Rate equation theory of sub-Poissonian laser light

Lasers essentially consist of single-mode optical cavities containing two-level atoms with a supply of energy called the pump and a sink of energy, perhaps an optical detector. The latter converts the light energy into a sequence of electrical pulses corresponding to photo-detection events. It was predicted in 1984 on the basis of Quantum Optics and verified experimentally shortly thereafter that when the pump is non-fluctuating the emitted light does not fluctuate much. Precisely, this means that the variance of the number of photo-detection events observed over a sufficiently long period of time is much smaller than the average number of events.

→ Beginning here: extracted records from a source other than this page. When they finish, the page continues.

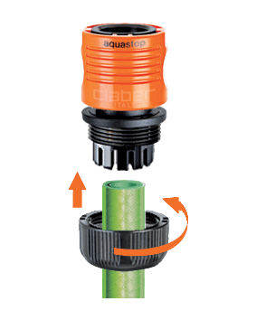 Hitra spojka za 3/4" vrtne cevi (not. Ø 19 mm - zun. Ø 25 mm) z ventilom aquastop. Namesti se na koncu cevi, da prepreči izlivanje vode po končani uporabi.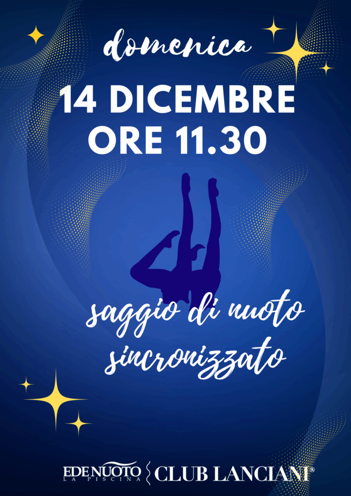 DOMENICA 14 DICEMBRE SAGGIO DI NUOTO SINCRONIZZATO Tutti i genitori sono invitati a partecipare.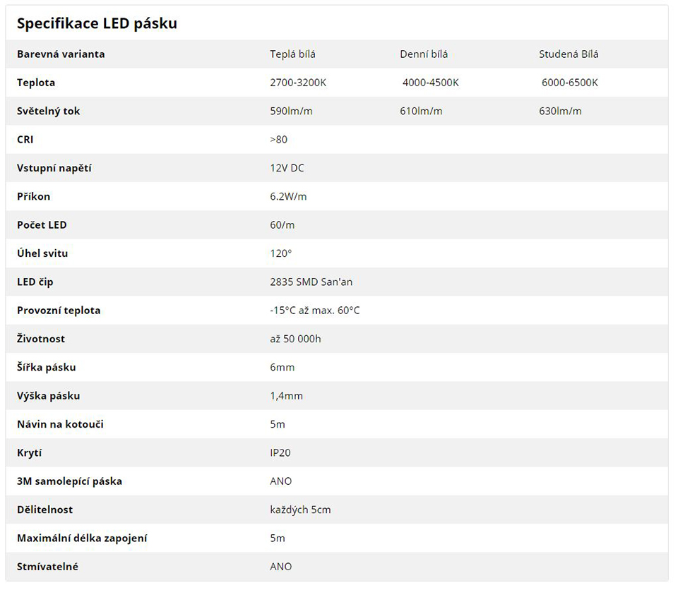 | Světelný výkon (lm/m) | 610 |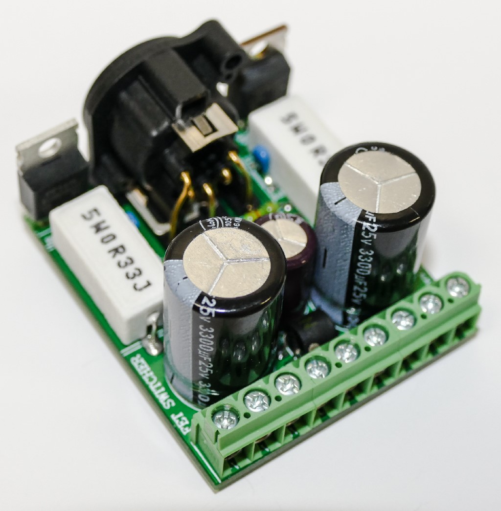 FET POWER SWITCHER Kit with PCB & PCb parts is used with our +/-16v@2A & +48v@120mA 65w SMPS power supply to give a simple single pole power switch that turns on the +/-16v and 48v with soft start using high current fets.

Light having that property is said to be ``sub-Poissonian''. The theory presented rests on the concept introduced by Einstein around 1905, asserting that matter may exchange energy with a wave at angular frequency $\omega$ only by multiples of $\hbar\omega$. The optical field energy may only vary by integral multiples of $\hbar\omega$ as a result of matter quantization and conservation of energy. A number of important results relating to isolated optical cavities containing two-level atoms are first established on the basis of the laws of Statistical Mechanics. Next, the laser system with a pump and an absorber of radiation is treated. The expression of the photo-current spectral density found in that manner coincides with the Quantum Optics result. The concepts employed in this paper are intuitive and the algebra is elementary. The paper supplements a previous OQE tutorial paper in establishing a connection between the theory of laser noise and Statistical Mechanics.